The measurement properties of the original MHQ have been assessed in patients with rheumatoid arthritis ([9, 18-20]), carpal tunnel syndrome ([19, 21, 22]), and distal radius fractures ([19, 23]), as well as in patients with various other hand problems ([10, 12, 21, 24, 25]), with overall good reliability, validity, and responsiveness. Furthermore, the MHQ compares favorably with other hand outcomes instruments (). Although it has already been used in several studies that included patients with TMC joint OA, the measurement properties of the MHQ have not yet been demonstrated in this population ([26, 27]).
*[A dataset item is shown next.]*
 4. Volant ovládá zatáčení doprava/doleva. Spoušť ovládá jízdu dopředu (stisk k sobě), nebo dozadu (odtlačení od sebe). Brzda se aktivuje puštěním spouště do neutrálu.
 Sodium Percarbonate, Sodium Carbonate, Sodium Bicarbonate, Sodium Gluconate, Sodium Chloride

The aim of the present study was to investigate the reliability, validity, and responsiveness of the MHQ in patients with TMC joint OA.
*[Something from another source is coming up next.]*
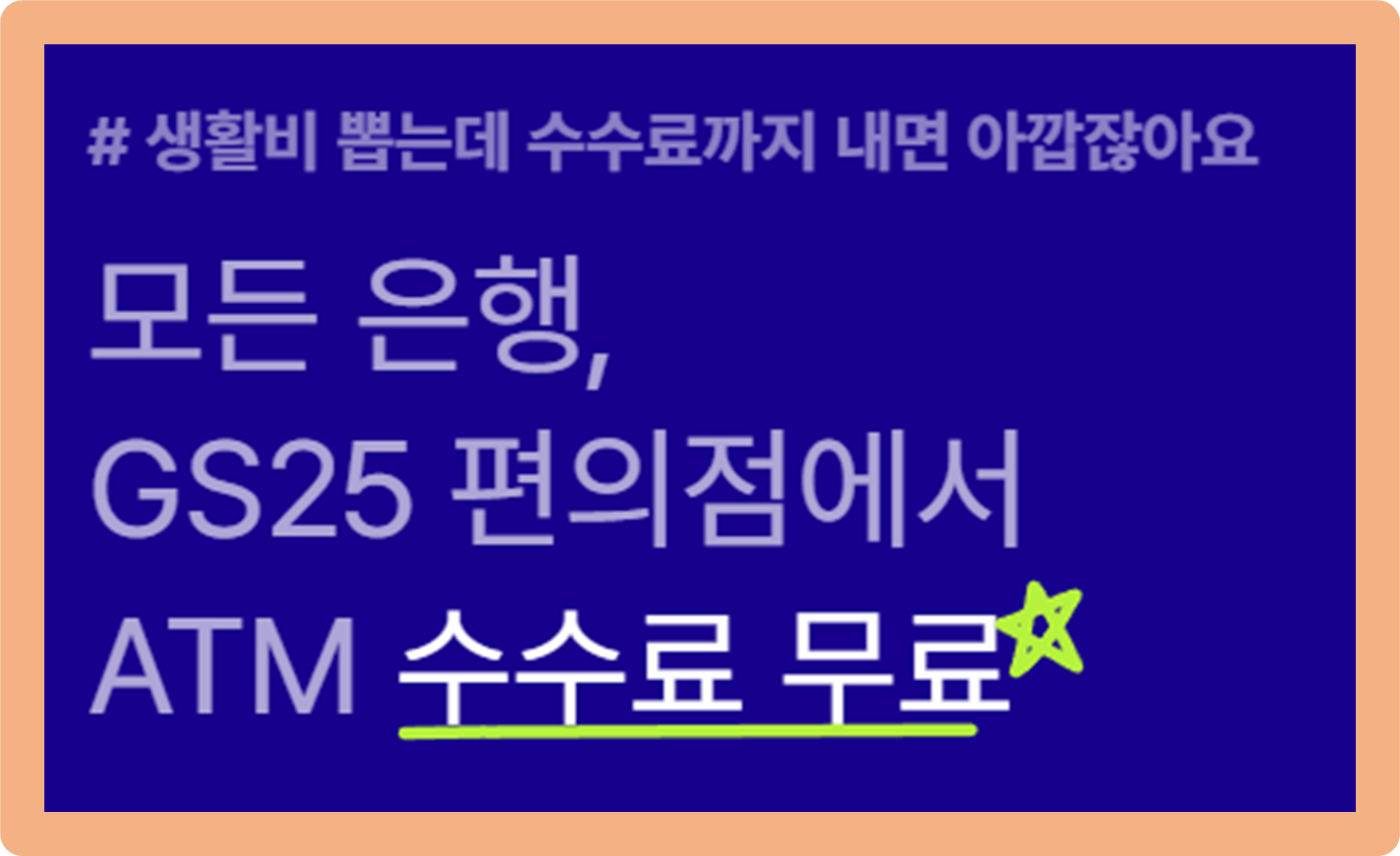 게다가 수수료 무료 혜택 까지 있어요. 케이뱅크 알뜰교통카드를 이용할 경우 모든 은행 및 GS25 편의점 ATM 이용 시 수수료가 발생하지 않아요.

The MHQ study was part of a prospective observational study on the effects of conservative and surgical treatment for TMC joint OA. The study was carried out in accordance with the ethical principles of the Declaration of Helsinki and approved by the local ethics committee (Kantonale Ethikkommission Zurich, Switzerland).
Patients were eligible for the study if they had radiologic-proven TMC joint OA diagnosed by an experienced hand surgeon and had undergone either conservative or surgical treatment for that condition between September 2011 and November 2012. All eligible patients were asked to participate by their treating hand surgeon, and were consecutively enrolled in the study once they had given written informed consent. Exclusion criteria were as follows: TMC joint OA was not the main problem at the time of consultation, rheumatoid arthritis or other diseases interfering with hand function, concomitant surgery on other finger joints, legal incompetence, poor general condition precluding study participation, previous inclusion in the study for the other hand, and insufficient knowledge of the German language to complete the questionnaires.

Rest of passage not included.